Так, он воплотил в музыке некоторые страницы Библии, почти ничего не изменив в них, — например, ту бессмертную сцену, когда Иосиф открывается братьям, когда он, после всего пережитого, изнемогая от волнения и любви, шепчет слова, которые без слез не мог читать в старости Толстой:
«Я больше не могу… Я — Иосиф. Жив ли еще отец мой? Я брат ваш, ваш давно потерянный брат. Я — Иосиф…»
Прекрасная свободная связь Франсуазы и Кристофа не могла быть прочной.
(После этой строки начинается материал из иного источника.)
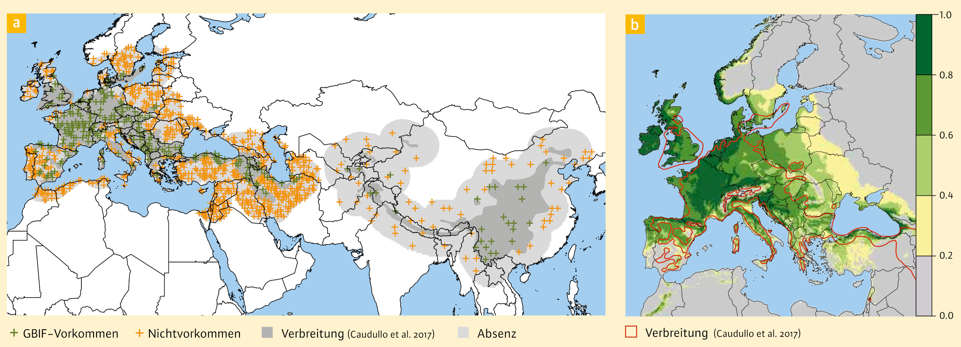 Abb. 3: Natürliche eurasische (a) und modellierte europäische (b) Artverbreitung der Walnuss als Waldbaumart. a: Die Verbreitungskarte in dunkelgrau entstammt Caudullo et al. (2017), die grünen Kreuze zeigen auszugsweise die dokumentierten GBIF-Vorkommen. Aus dem 400 km Puffer um die Verbreitungskarte in hellgrau werden die für das Artverbreitungsmodell benötigen Nichtvorkommen (= Absenzen) gezogen (orange Kreuze). b: Vorkommenswahrscheinlichkeit skaliert von 0-1 mit max. Wahrscheinlichkeit bei 1.
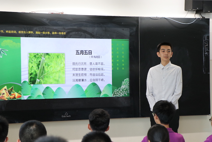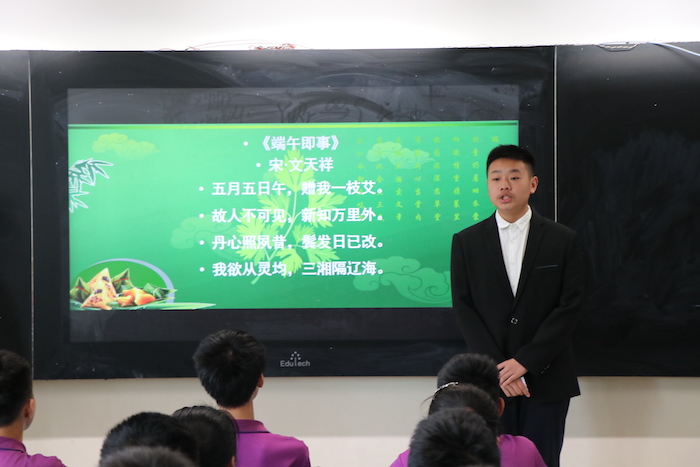 5月30日下午,同学们利用班会课时间举行了主题为“诵读中华经典 争做时代新人”的端午诗歌朗诵活动。通过诵读端午民俗诗歌、屈原诗辞和经典爱国主义诗篇,同学们深入了解了端午节这一传统节日的历史意义,在感受传统文化博大精深的同时,进一步增强了爱国情怀和民族自豪感。

Правда, им случалось ощущать вместе полноту жизни, но они были слишком разными людьми и при этом одинаково несдержанными, что вызывало частые столкновения. Эти столкновения никогда не доходили до грубости: Кристоф уважал Франсуазу. А Франсуаза, хоть и могла быть жестокой, но ни за что на свете не причинила бы зла тем, кто был добр к ней. К тому же оба они обладали чувством юмора. Франсуаза первая смеялась над собой. И вместе с тем не переставала терзаться, не могла изжить свою страсть к прежнему любовнику, не могла забыть этого подлеца, — ей было мучительно такое унижение, а еще больше — мысль, что Кристоф догадывается об ее тайне.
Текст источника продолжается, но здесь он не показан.